I am cold, my arms flailing awkwardly and out of my control. I’m confused. I don’t know what’s happening. I need comfort, warmth, nourishment. And then I am warm, pressed soothingly all around. A deep, sweet peace flows into my mouth and through my body as my unruly hands tangle in her hair, Mama, Mama. The only thing I know is this love, this union, this protection and assurance. I relax completely.

I am that I am, Being, Love, Light and Life. I surround my Son, inhabit my Son, I am within my Son, I love my Son, I am my Son. I have remained what I have been and will be eternally, and I have become what I was not. In my love of humanity, I have finally become fully human, entering the world of time and space in the most profound and humble way. So great is my love, I have been conceived and born into this human cloud of unknowing, emptying Myself, taking the form of a slave, in order to free and divinize my beloved humanity, made of dust, that they might share my Divine Life.

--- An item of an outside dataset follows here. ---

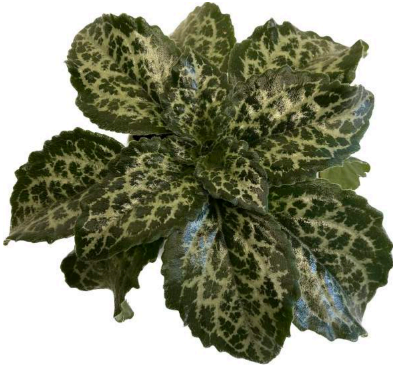
Primulina dryas 'Angustifolia'

Vulnerable, human, innocent and unknowing, be, oh Christian soul. I have shown you the way to Me: this little Child, this Way, this Truth, this Life, full of humility and trust, gentle, humble, simple, with the need, the open-ness of the newborn. Come to Me, forgetting everything but Love Itself, and be born again. Be little, be free, be loved. Never be afraid, it is I, the Little One, asking for your love.

Answer Me, say from the heart:

Truly, I have set my soul 

In silence and in peace

As the Divine Child has rest in His mother’s arms,

Even so, my soul.

Children of God,

Hope in the Lord forever. (a variation on Psalm 131)

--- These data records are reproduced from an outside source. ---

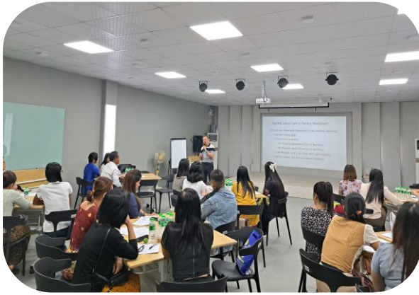
Senior Labor Officer of MGMA presenting Labor Law Awareness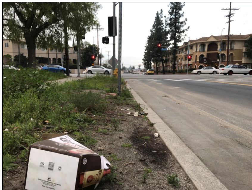
Figure 7. Litter: Corona beer 12-pack box at southeast corner of Woodman Av and Filmore Street; in front of single-family home. February 27, 2019.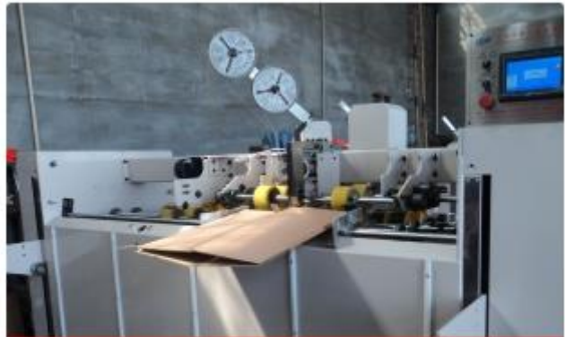
SEMI AUTOMATIC BOX STITCHING MACHINE

On this Holy Night, take time to be little, humble, simple, trusting, and close to God, like a child.

 

Holy Name of Mary

“All generations to come will call me blessed.” Luke 1″48b

Today, September 12, the Church celebrates and reflects on the Holy Name of Mary.

According to custom, Our Lady’s parents would have named her eight days after her birth, like any other Hebrew girl. Most likely her parents had ordinary hopes for her. They would have the  joy of raising a daughter who would love them, learn from them, live and play and pray with them. They likely had expectations for her of a future husband and family of her own.

All these things Mary did, but in an extraordinary way, and for a purpose no one knew.

Her mother and father fittingly named her Mary (Maryam or Miriam.) I wonder if they were thinking of the prophet Miriam, sister of Moses, who partnered with Moses and Aaron in leading his people to freedom through the Red Sea.

The Church sees the journey through the Red Sea as a metaphor prefiguring Baptism in Christ. This little one was a new Miriam, who would partner with her Son in His work of our Salvation.

I am enchanted by the fact that the origin of Mary’s name was most likely taken from ancient Egyptian; from mry “beloved” or mr “love.”  She is beloved and her name is love. That reminds me of Romans 1:7, which greets the Christians of Rome as, “Beloved of God and called to holiness.”  

In a way, every Christians’ name is “Love.”

The Son of Mary taught us that holiness is love.

As the Beloved Disciple said, “And we have come to know and believe in the love that God has for us. God is love; whoever lives in love lives in God, and God in him.” 1 John 4:16

Blessed little Mary, I will take up your holy name, “Love,” many times each day. Come to me, and lead me through every challenge, singing of my victory.  Today as I honor your childhood, inspire me to walk ahead through all that life brings, made brave for love by the companionship of your spirit. May I may live in love, live in God, and God in me. Help me to follow Jesus with faith and simplicity of heart.